======== GIVEN ENTRIES

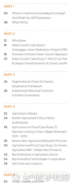 - 최근 한국농업 발전에 대한 높은 관심을 반영해 지식교류 가이드북으로는 처음으로 한국농업을 소개하는 ‘한국농업 가이드북’ 발간을 추진하게 됐다.
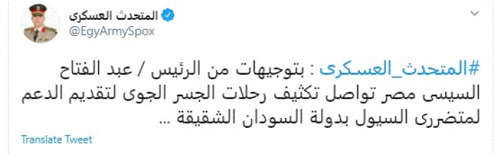 وقال في تغريدة عبر "تويتر" رصدها "المشهد العربي": "المتحدث العسكرى: بتوجيهات من الرئيس/ عبد الفتاح السيسى مصر تواصل تكثيف رحلات الجسر الجوى لتقديم الدعم لمتضررى السيول بدولة السودان الشقيقة".
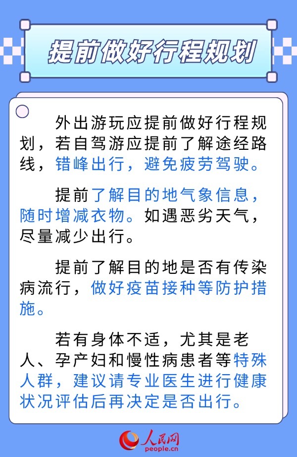 中秋假期临近,短途游升温。这期间人员流动和聚集性活动增多,传染性疾病感染风险加大。同时,外出旅行可能会遇到天气、住宿条件、卫生环境、旅途劳累等因素影响,导致身体不适。假期出游如何做好健康防护?为此,人民网采访了清华大学第一附属医院全科医学科主任医师姜岳。
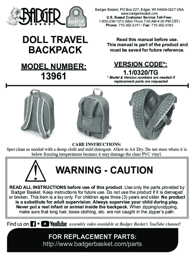 Badger Basket, PO Box 227, Edgar, WI 544260227 USA www.badgerbasket.com U.S. Based Customer Service Toll-free: 18002361310 (Mon Thurs 7:00 AM4:00 PM CST) Phone: 7153522311 Fax: 7153523163DOLL TRAVEL
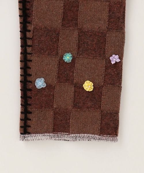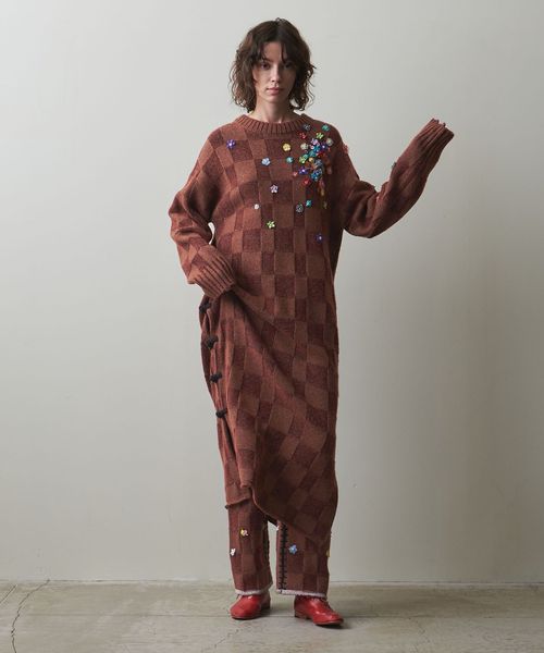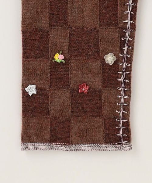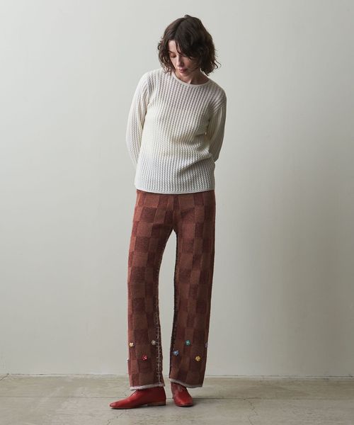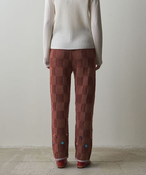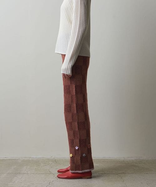 ブロックチェック柄のニットパンツの裾に、フラワーモチーフが添えられたイージーパンツ。
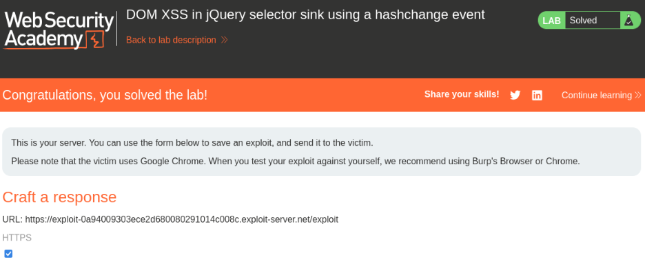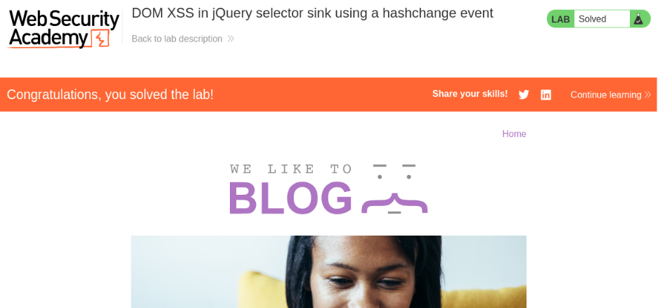 This lab demonstrates how unsafe handling of URL fragments in jQuery can lead to DOM XSS. Attackers exploit the `hashchange` event to inject malicious payloads, bypassing traditional server-side defenses.
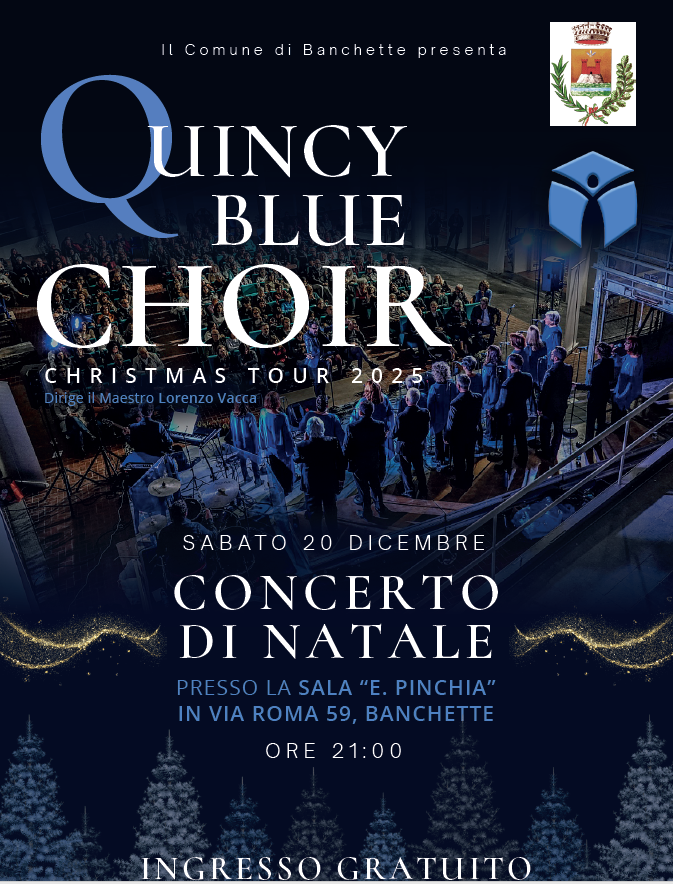 In occasione delle feste natalizie, l'Amministrazione Comunale è lieta di invitarvi allo spettacolo musicale che si terrà sabato 20 dicembre presso il salone "E. Pinchia" di Via Roma 59, a Banchette.

================

REQUIREMENT
For the entries above, print exactly the lines between the one with "وقال في تغريدة" and the one with "ブロックチェック柄のニットパ", inclusive, with no pictures.

YOUR RESPONSE
 وقال في تغريدة عبر "تويتر" رصدها "المشهد العربي": "المتحدث العسكرى: بتوجيهات من الرئيس/ عبد الفتاح السيسى مصر تواصل تكثيف رحلات الجسر الجوى لتقديم الدعم لمتضررى السيول بدولة السودان الشقيقة".
 中秋假期临近,短途游升温。这期间人员流动和聚集性活动增多,传染性疾病感染风险加大。同时,外出旅行可能会遇到天气、住宿条件、卫生环境、旅途劳累等因素影响,导致身体不适。假期出游如何做好健康防护?为此,人民网采访了清华大学第一附属医院全科医学科主任医师姜岳。
 Badger Basket, PO Box 227, Edgar, WI 544260227 USA www.badgerbasket.com U.S. Based Customer Service Toll-free: 18002361310 (Mon Thurs 7:00 AM4:00 PM CST) Phone: 7153522311 Fax: 7153523163DOLL TRAVEL
 ブロックチェック柄のニットパンツの裾に、フラワーモチーフが添えられたイージーパンツ。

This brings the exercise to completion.